Depuis le début de confinement, vous êtes nombreux à constater une forte hausse de votre budget consacré aux courses alimentaires. Pourtant, les prix sont stables, selon l’Insee. Comment expliquer cette sensation de flambée des prix ?

Non, la crise du coronavirus n’a pas entraîné de flambée des prix ! Cette affirmation, on l’entend beaucoup, ces derniers temps, dans la bouche des représentants de la grande distribution. Elle est confirmée par les chiffres publiés le 15 avril par l’Institut national de la statistique et des études économiques (Insee) : en mars, les prix des produits de grande consommation sont restés stables par rapport à février (+0,1%), et n’ont que faiblement progressé sur un an : +1,1% par rapport à mars 2019.

Côté consommateur, le sentiment dominant est pourtant bien différent : vous êtes nombreux à constater une explosion de votre « budget bouffe », souvent à juste titre. Voici quelques éléments qui permettent de comprendre cet apparent paradoxe.

Parce que vous mangez plus souvent à la maison

Avec les fermetures des écoles et la généralisation du télétravail, le nombre de repas pris à domicile a logiquement augmenté. L’épidémie et le confinement ont même mis un terme, sans doute pour longtemps, à une tendance de fond : l’augmentation des repas pris hors du domicile, dont le nombre a augmenté de 4% entre 2017 et 2018, pour atteindre 10,7 milliards, selon une étude du cabinet Gira Conseil.

Pour apprécier l’inflation réelle de votre budget alimentation, il faut donc y intégrer les dépenses habituellement réservées aux repas pris à l’extérieur. Sachant que le prix d’un repas à domicile a toutes les chances d’être plus élevé que celui pris, par vous ou vos enfants, dans une cantine, mais sera probablement inférieur à celui pris dans un restaurant, un food truck ou une sandwicherie : près de 9 euros en moyenne en 2018, toujours selon Gira Conseil

Parce que vous fréquentez moins les hypermarchés

En quelques jours à peine, le confinement a totalement chamboulé nos habitudes de vie, y compris notre manière de nous ravitailler. Le cabinet Nielsen, observateur attentif du marché de la grande distribution, détaille semaine après semaine ces bouleversements. Nous faisons par exemple les courses moins souvent, mais avec des paniers beaucoup plus remplis, et donc plus chers. Le samedi n’est plus LE jour des courses par excellence, supplanté par le vendredi.
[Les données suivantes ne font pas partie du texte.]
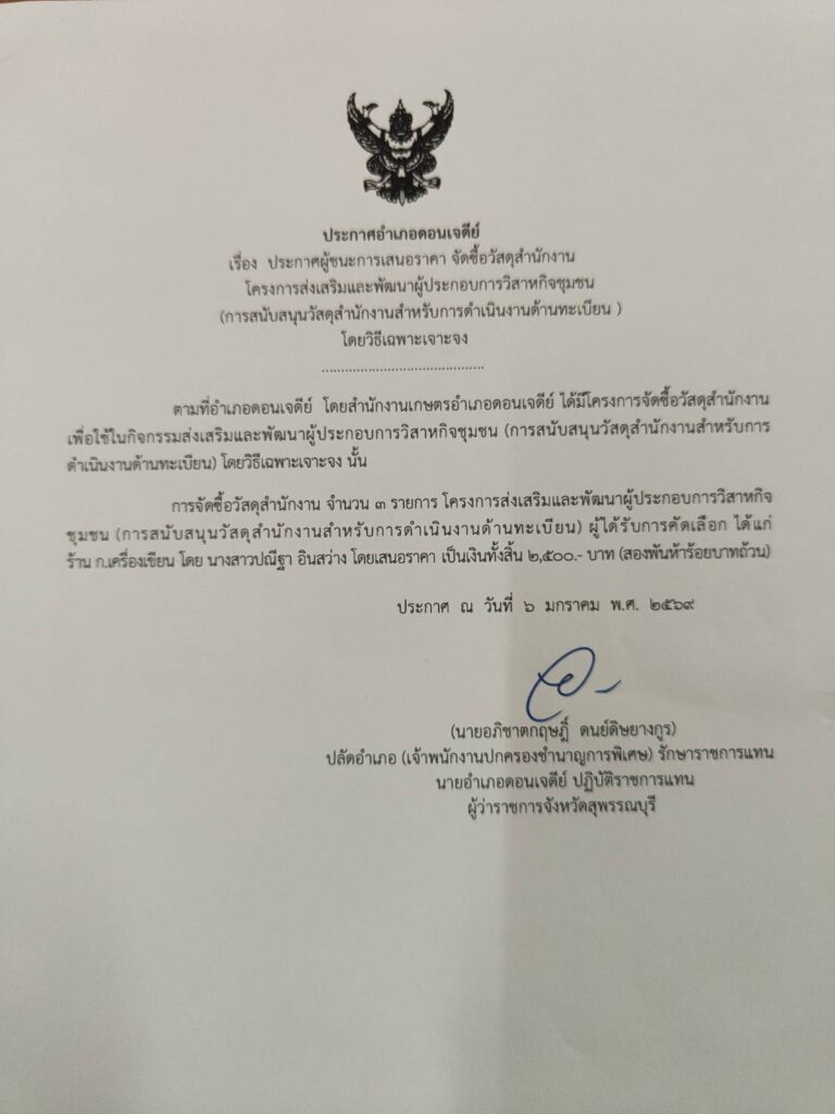 ประกาศอำเภอดอนเจดีย์ เรื่อง ประกาศผู้ชนะการเสนอราคา จัดซื้อวัสดุสำนักงาน โครงการส่งเสริมและพัฒนาผู้ประกอบการวิสาหกิจชุมชน (การสนับสนุนวัสดุสำนักงานสำหรับการดำเนินงานด้านทะเบียน) โดยวิธีเฉพาะเจาะจงBy donchedi / 6 มกราคม 2026

Surtout, nous avons tendance, par crainte de la foule ou par respect des consignes de limitation des déplacements, à délaisser les hypermarchés en périphérie, au profit de points de vente plus proches de nos lieux d’habitation : des supérettes et des magasins de détail principalement. Le cabinet Nielsen a ainsi constaté, au cours des premiers jours de confinement, une forte baisse du chiffre d’affaires des hypermarchés (-24% pour les surfaces de plus de 7 500 m2, -14% pour les moins de 7 500 m2), au profit des drives (+65%), mais aussi des magasins de proximité en zone urbaine (+28%) et rurale (+39%).

Cela a évidemment un impact sur la facture. Un même produit, en effet, est mécaniquement plus coûteux dans un supérette de centre-ville que dans un hypermarché, en raison notamment de coûts d’acheminement et de stockage plus élevés. La preuve : selon le magazine spécialisé Linéaires, les prix pratiqués fin 2019 sur une sélection de produits de grande marque variaient, sur une base 100 équivalente au prix moyen, de 94 chez Leclerc, une enseigne spécialisée dans les très grandes surfaces, à 113 chez Monoprix, dont le réseau est composé de petits supermarchés urbains.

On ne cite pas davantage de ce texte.